12.3 Exercises#

For the exercises we will use another mock-dataset. Assume the following scenario:

A research team tested a new therapy for reducing perceived stress over the course of 30 days. The generated data includes 200 stress level measures on a scale from 0 (no stress) to 100 (strong stress) at different time points after therapy start.

The data is stored in two columns:

  • days: The day of the measurement (0 to 30) after therapy start

  • stress: The perceived stress level (0–100)

import numpy as np
import pandas as pd
import matplotlib.pyplot as plt
import seaborn as sns

# ----------------------------------------
# Simulate "Stress Reduction Therapy" Data
# ---------------------------------------- 
np.random.seed(42)

# Create data
n_points = 200
days = np.linspace(0, 30, n_points)
x_shifted = days - 15
true_stress = -((x_shifted**3) / 60 - x_shifted) + 50

# Add random noise and ensure scores between 0 and 100
noise = np.random.normal(0, 6.0, size=n_points)
stress = true_stress + noise
stress = np.clip(stress, 0, 100)

# Plot the data
fig, ax = plt.subplots()
sns.scatterplot(x=days, y=stress, alpha=0.6, ax=ax)
ax.set(xlabel='Days', ylabel='Stress', title='Stress Reduction Therapy');
../../../_images/1431027df6538fee3b491be7431f18c05fc37a59b26da536aa97512e674cf79a.png

Exercise 1: Fitting a linear model#

Please fit a simple linear regression model to predict stress based on days.

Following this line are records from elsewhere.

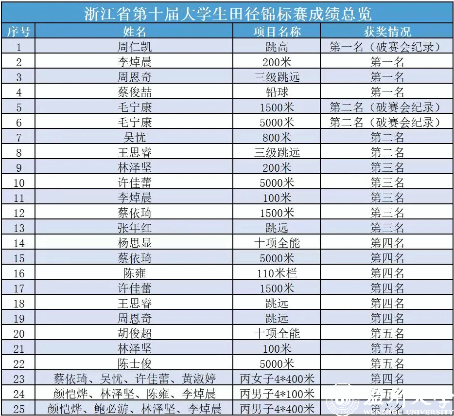 为期4天的比赛中,澳门银河官网 健儿顽强拼搏,获4金、4银、5铜,团体总分第三佳绩,体育与健康学院队员周仁凯在跳高项目中以2.06米的成绩打破赛会纪录,毛宁康在男子1500米、5000米比赛中分别以3:58.24和15:10.20的成绩打破赛会纪录,周仁凯、毛宁康、李焯晨、吴忧荣获“优秀运动员”荣誉称号,教师林小义、李炎荣获“优秀教练员”荣誉称号。澳门银河官网 20名运动员在各项目比赛中收获25个好成绩,为队伍参加本赛事来的最好成绩(详见成绩总览)。
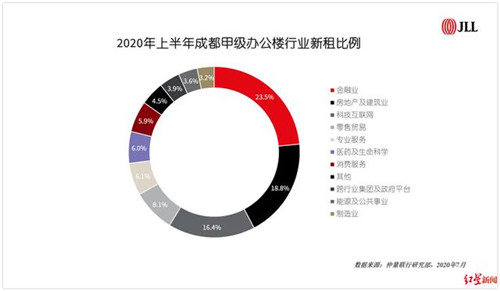 今年上半年,金融業(yè)需求仍居成都首位,其中保險業(yè)尤為突出。金融業(yè)疫后表現(xiàn)相對穩(wěn)健,數(shù)據(jù)顯示,上半年金融業(yè)新租面積近7萬平方米,與2019年下半年基本持平。
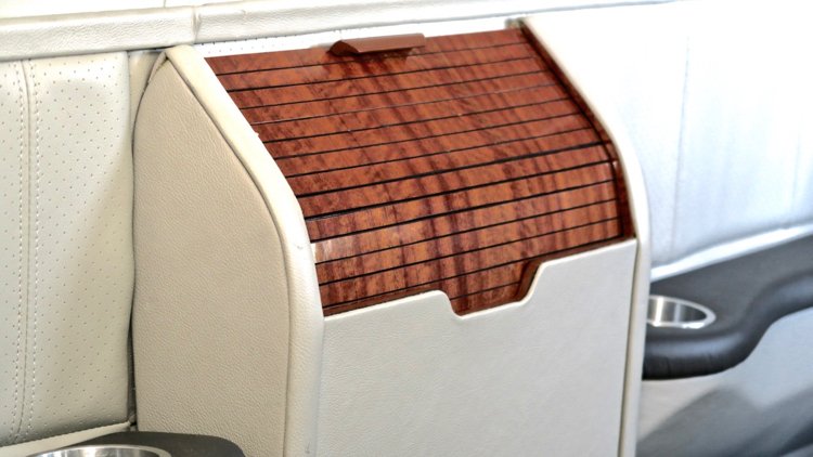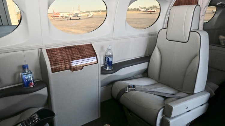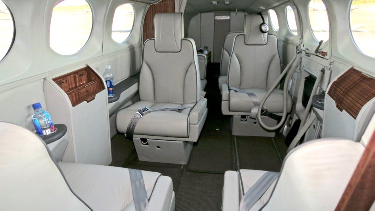 Beautiful 8-Place Executive Interior completed by Eagle Aviation - Light French Gray Leather Seats - Slate Carpets - Wood Veneer Side Tables and Cabin Partitions - Belted Potty Seat with Privacy Cabin Curtains
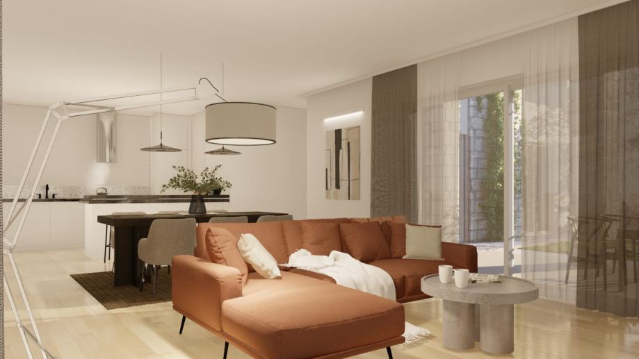 Oaza mira i elegancije čekat će vas u srcu istarskog mjesta Momjana! Moderna dvojna kuća bit će izgrađena do kraja svibnja 2024. godine te će pružiti savršenu kombinaciju udobnosti i stila na 150 kvadratnih metara. S tri prostrane spavaće sobe, svaka sa svojom elegantno uređenom kupaonicom s WC-om, ova kuća će nuditi privatnost i luksuzan doživljaj obiteljskog života. Prostrani dnevni boravak i moderna kuhinja bit će srce doma, dok će se vani pružiti prekrasna okućnica od 300 kvadratnih metara, idealna za uživanje u blagodatima istarskog krajolika.

Please use the syntax as introduced in the previous chapters using PolynomialFeatures so it will be easy to explore higher-order models later.

You tasks are:

  1. Create features for a linear regression using PolynomialFeatures

  2. Fit a linear model

  3. Print and discuss the model summary

  4. Plot the regression line on top of the data

  5. Create a second plot for the residuals (either as a subplot or as two separate plots). Answer the following questions:

    • Are there patterns in the residuals that suggest the model is missing curvature?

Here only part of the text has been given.